___ MATERIAL TO PROCESS ___

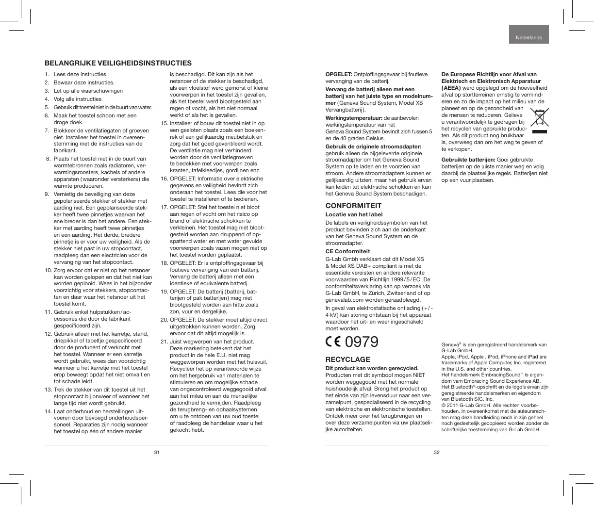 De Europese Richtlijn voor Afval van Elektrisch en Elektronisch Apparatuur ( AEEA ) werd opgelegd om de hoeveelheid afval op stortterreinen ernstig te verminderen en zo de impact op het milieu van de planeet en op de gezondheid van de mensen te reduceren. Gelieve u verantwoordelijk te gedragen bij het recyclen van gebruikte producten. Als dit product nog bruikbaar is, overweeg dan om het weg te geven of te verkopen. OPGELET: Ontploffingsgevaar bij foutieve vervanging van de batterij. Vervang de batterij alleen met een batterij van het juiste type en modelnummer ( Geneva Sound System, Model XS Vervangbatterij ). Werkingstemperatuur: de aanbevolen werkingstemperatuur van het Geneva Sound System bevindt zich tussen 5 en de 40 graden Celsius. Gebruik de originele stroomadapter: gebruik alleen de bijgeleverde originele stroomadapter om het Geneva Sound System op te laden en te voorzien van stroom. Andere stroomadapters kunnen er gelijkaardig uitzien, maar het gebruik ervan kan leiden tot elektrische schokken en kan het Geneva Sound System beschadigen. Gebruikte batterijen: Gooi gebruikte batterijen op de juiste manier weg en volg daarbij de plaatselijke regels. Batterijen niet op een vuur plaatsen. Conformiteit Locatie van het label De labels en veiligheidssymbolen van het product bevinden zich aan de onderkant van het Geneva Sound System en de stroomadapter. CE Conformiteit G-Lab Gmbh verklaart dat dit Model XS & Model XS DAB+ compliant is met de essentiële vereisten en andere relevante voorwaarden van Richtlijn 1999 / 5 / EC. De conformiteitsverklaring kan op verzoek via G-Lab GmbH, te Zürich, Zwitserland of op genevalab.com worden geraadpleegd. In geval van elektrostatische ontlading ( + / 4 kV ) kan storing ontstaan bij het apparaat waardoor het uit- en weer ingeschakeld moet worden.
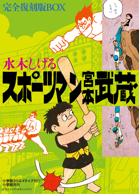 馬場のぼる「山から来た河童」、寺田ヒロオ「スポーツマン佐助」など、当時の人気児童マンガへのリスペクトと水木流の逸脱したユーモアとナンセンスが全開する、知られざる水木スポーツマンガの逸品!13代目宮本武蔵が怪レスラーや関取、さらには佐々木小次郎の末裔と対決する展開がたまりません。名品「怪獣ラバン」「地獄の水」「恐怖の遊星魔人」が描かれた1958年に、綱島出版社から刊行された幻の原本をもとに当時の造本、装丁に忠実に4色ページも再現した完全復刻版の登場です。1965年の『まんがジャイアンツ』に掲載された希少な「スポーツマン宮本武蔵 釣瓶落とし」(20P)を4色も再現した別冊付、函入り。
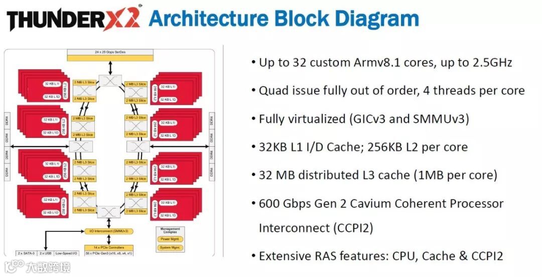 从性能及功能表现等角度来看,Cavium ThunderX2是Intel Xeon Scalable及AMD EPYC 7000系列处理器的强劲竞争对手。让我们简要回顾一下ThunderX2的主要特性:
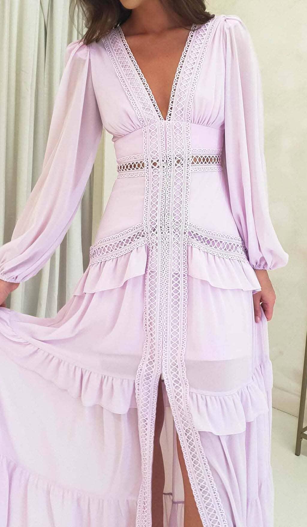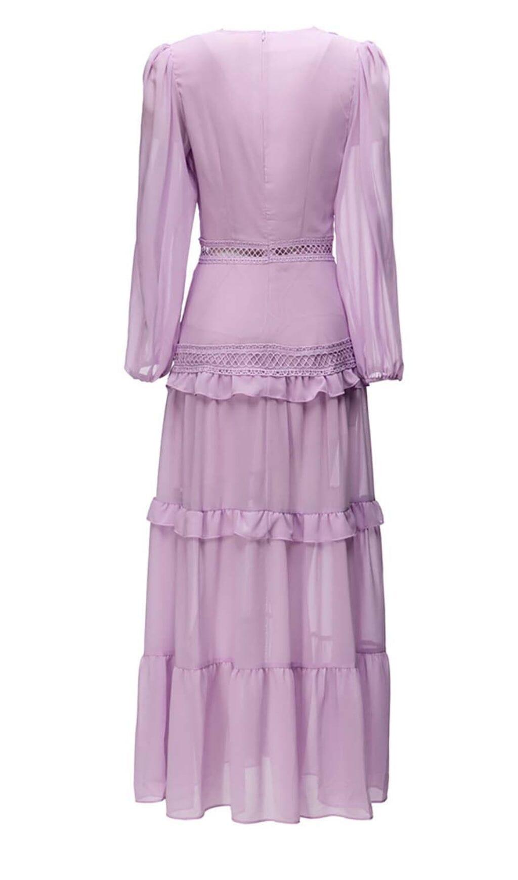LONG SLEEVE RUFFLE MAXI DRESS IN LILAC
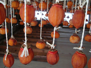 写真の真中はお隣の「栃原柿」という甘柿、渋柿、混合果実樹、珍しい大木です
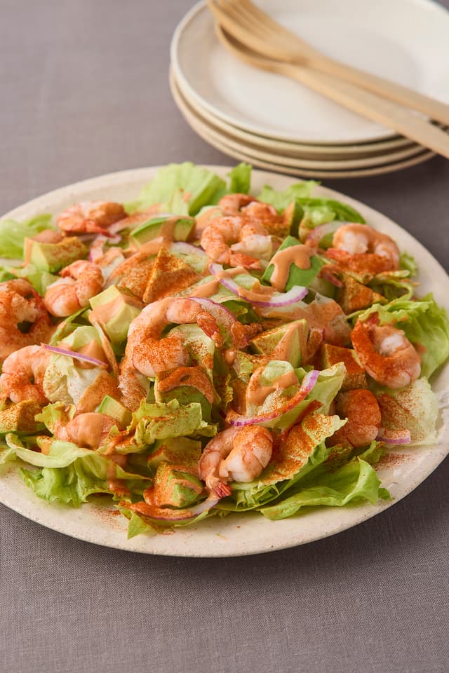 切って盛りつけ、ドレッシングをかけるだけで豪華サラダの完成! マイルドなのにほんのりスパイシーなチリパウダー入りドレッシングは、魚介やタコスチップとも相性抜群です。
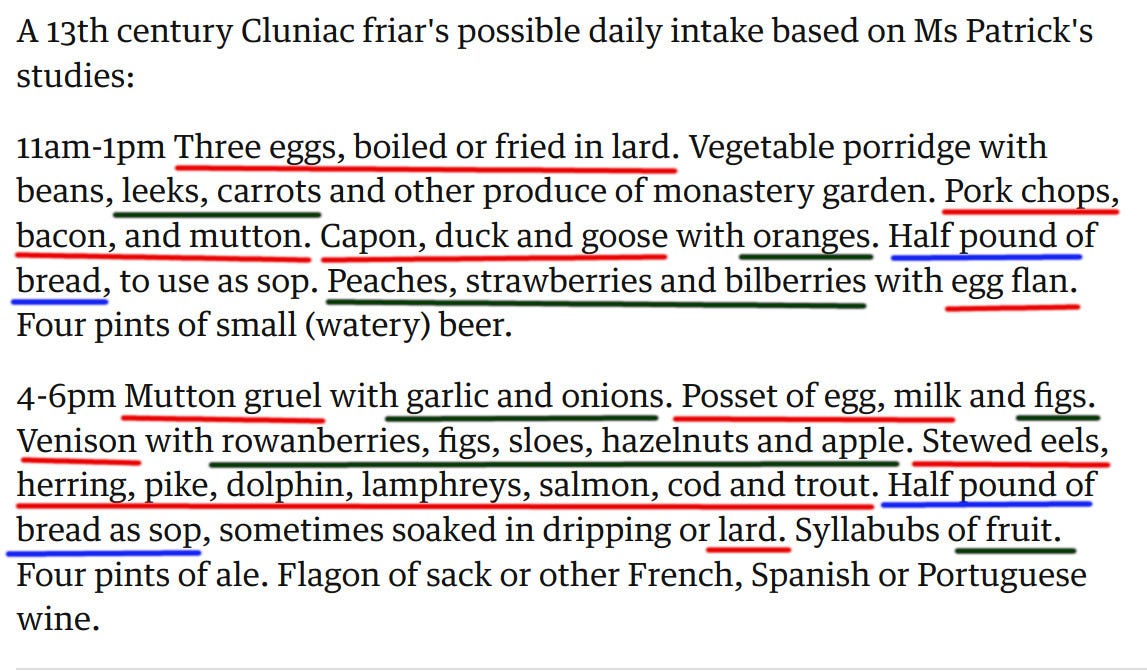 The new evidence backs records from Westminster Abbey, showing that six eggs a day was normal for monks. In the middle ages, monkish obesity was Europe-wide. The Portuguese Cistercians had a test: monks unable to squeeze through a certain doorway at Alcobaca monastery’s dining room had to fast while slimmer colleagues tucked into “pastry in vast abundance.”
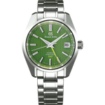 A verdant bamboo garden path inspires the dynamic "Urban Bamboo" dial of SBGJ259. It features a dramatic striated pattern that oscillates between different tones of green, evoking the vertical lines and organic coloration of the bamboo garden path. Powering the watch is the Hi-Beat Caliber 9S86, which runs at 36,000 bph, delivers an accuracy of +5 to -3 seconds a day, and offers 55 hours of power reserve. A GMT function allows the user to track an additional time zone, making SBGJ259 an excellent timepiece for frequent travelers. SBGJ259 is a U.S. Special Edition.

___

TASK DIRECTIONS
Print exactly, with no pictures, the lines above from the one that holds "从性能及功能表现等角度来看,Cavium ThunderX2是Intel Xeon" through the one that holds "The new evidence", both of them included.

FINISHED EXERCISE
 从性能及功能表现等角度来看,Cavium ThunderX2是Intel Xeon Scalable及AMD EPYC 7000系列处理器的强劲竞争对手。让我们简要回顾一下ThunderX2的主要特性:
LONG SLEEVE RUFFLE MAXI DRESS IN LILAC
 写真の真中はお隣の「栃原柿」という甘柿、渋柿、混合果実樹、珍しい大木です
 切って盛りつけ、ドレッシングをかけるだけで豪華サラダの完成! マイルドなのにほんのりスパイシーなチリパウダー入りドレッシングは、魚介やタコスチップとも相性抜群です。
 The new evidence backs records from Westminster Abbey, showing that six eggs a day was normal for monks. In the middle ages, monkish obesity was Europe-wide. The Portuguese Cistercians had a test: monks unable to squeeze through a certain doorway at Alcobaca monastery’s dining room had to fast while slimmer colleagues tucked into “pastry in vast abundance.”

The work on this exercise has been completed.